= Pezhetairos =

Ancient Macedonian soldiers

The pezhetairoi (Greek: πεζέταιροι, singular: pezhetairos) were the backbone of the Macedonian army and Diadochi kingdoms. They were literally called "foot companions" (in Greek, pezos means "pedestrian" and hetairos means "companion" or "friend").

The Macedonian phalanxes were made up almost entirely of pezhetairoi. Pezhetairoi were very effective against both enemy cavalry and infantry, as their long pikes could be used to impale enemies charging on horseback or to keep enemy infantry with shorter weapons at bay.

==Description==
The pezhetairoi were the battalions of the Macedonian phalanx. They first came to prominence during the reign of Philip II, particularly when they played important role in Philip's subjugation of Greece at the Battle of Chaeronea in 338 BC. Philip created this unit by lengthening the spear to the point of becoming a true pike, removing the heavy armor, and replacing the large shield with a smaller alternative. They were armed with the sarissa, a long spear with a shaft made from flexible cornel wood, which had a much longer reach than the traditional hoplite spear. Because of its length, the phalanx could present the spearpoints of around five files of men; which made the phalanx almost impenetrable, and fearsome to oppose.

The name "foot companions" was coined by Alexander III during the reign of his father Philip II as a recruiting method. By labeling his infantry as his personal "companions" and "friends," Philip was able to engage a wider manpower base for his subsequent military campaigns, as positions in his personal infantry would denote pride and honor.

Tactically, the pezhetairoi were best used as a strong defensive line, rather than as shock troops. The length of the sarissa, while making them terrifying for an enemy to oppose, severely limited their maneuverability; and if they were taken in flank or rear they had little chance of responding. This was particularly clear at the Battle of Gaugamela in 331 BC, when the rapid advance of the right wing caused a breach to open between two of the battalions of pezhetairoi—a force of enemy cavalry broke through and, had it not been for a lack of discipline in their own command, under Parmenion, and for Alexander's placing of a second line of traditional hoplites in reserve, the phalanx might have been destroyed from the rear.

Apart from in pitched battles, the pezhetairoi and their sarissas were not very practical; it is supposed that they were re-armed, and their tactics adapted, to suit the guerrilla warfare that was prevalent, and necessary, in Bactria and Sogdia.

==Asthetairoi==
There is a separate group of Pezhetairoi called Asthetairoi (singular Asthetairos). There is a debate as it is not fully clear what the prefix asth- (Greek: ασθ-) is referring to. Some claim it comes from asty (= city) or asthoi (= townsmen), which would mean the Asthetairoi were recruited from cities. But the units referred to as Asthetairoi were recruited in northern Macedonia, where there are just a few cities. Another suggestion is that asth- comes from aristoi (= the best) and thus implying they were some kind of elite. This would correspond to the fact that they were placed on the right side next to the hypaspists. The common conception is that Asthetairoi means 'closest companion' in terms of kinship and designated units from Upper Macedonia. Another explanation is that 'close' is referring to their position in battle, as they were the closest to the king. For fighting near the Hypaspists it is possible that they were better trained and equipped than normal Pezhetairoi.

==Battalions==
The battalions of pezhetairoi appear to have been organised on a regional basis, at least to begin with. We know of battalions named for the regions of Orestis/Lyncestis (two battalions probably combining men from both regions), Elimaea and Tymphaea—if all pezhetairoi were from Upper Macedonia then we would expect the other battalions to have represented Eordaea and Pelagonia. In 334 BC Alexander the Great took six battalions of pezhetairoi with him to Asia. By the time the army moved into India in 327 BC, a seventh battalion had been added.

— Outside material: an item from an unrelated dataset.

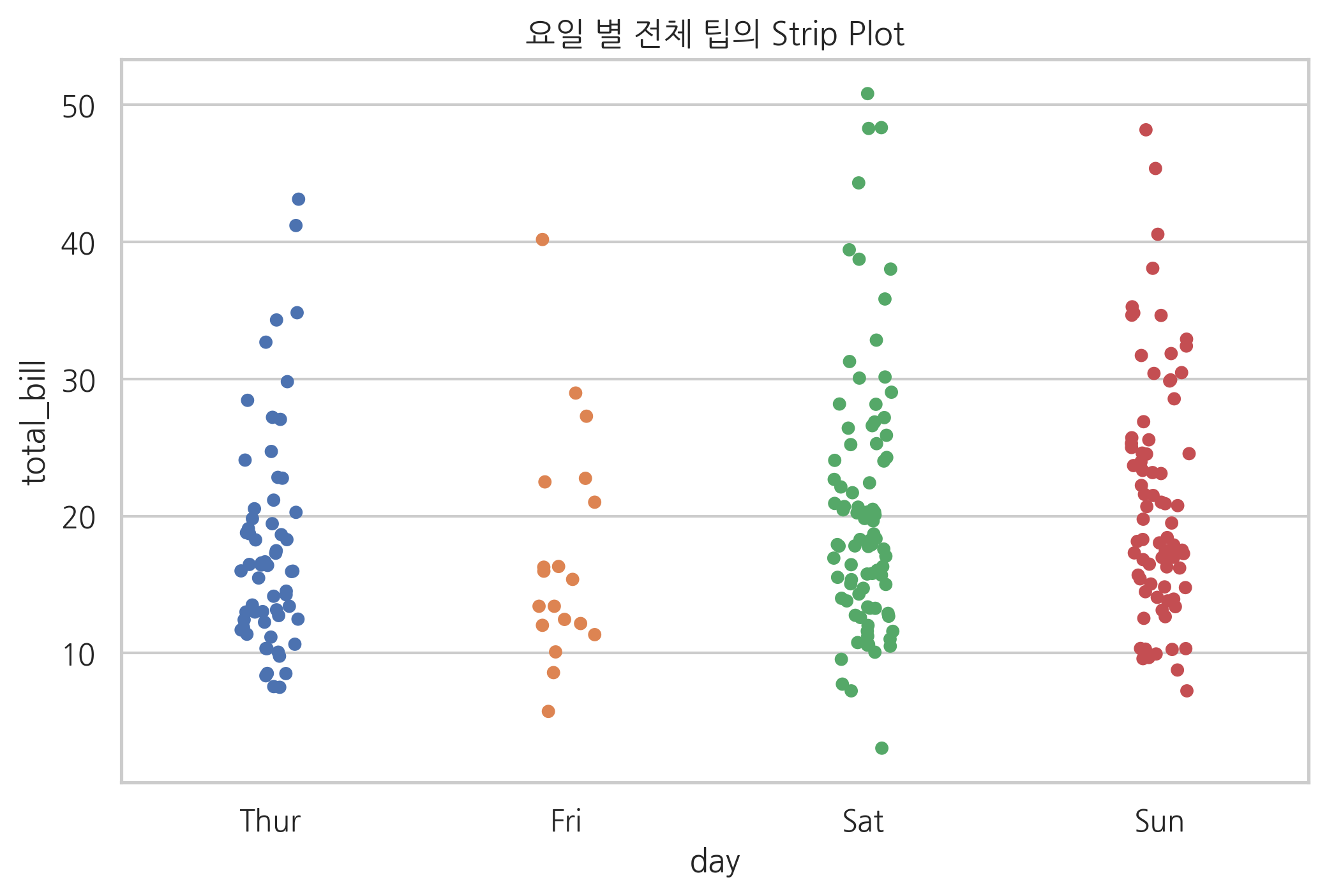 plt.title("요일 별 전체 팁의 Strip Plot")

- At the Battle of the Granicus the battalions were those of (from right to left): Perdiccas, Coenus, Amyntas, Philip, Meleager, and Craterus.
- At the Battle of Issus the battalions were those of (from right to left): Coenus, Perdiccas, Craterus, Meleager, Ptolemy (replacing Philip), Amyntas.
- At the Battle of Gaugamela the battalions were those of (from right to left): Coenus, Perdiccas, Meleager, Polyperchon (replacing Ptolemy), Simmias (deputising for Amyntas, who was recruiting in Macedonia), Craterus.
- At the Battle of the Hydaspes River only five battalions took part, and were those of (from right to left): Antigenes, Clitus the White, Meleager, Attalus, Gorgias. The other battalions (those of Polyperchon and Alcetas) remained on the western bank of the Hydaspes, under the command of Craterus, and crossed only when Alexander was victorious, in order to continue with the pursuit of the fleeing Indians. However, there is much supposition and guesswork regarding this battle.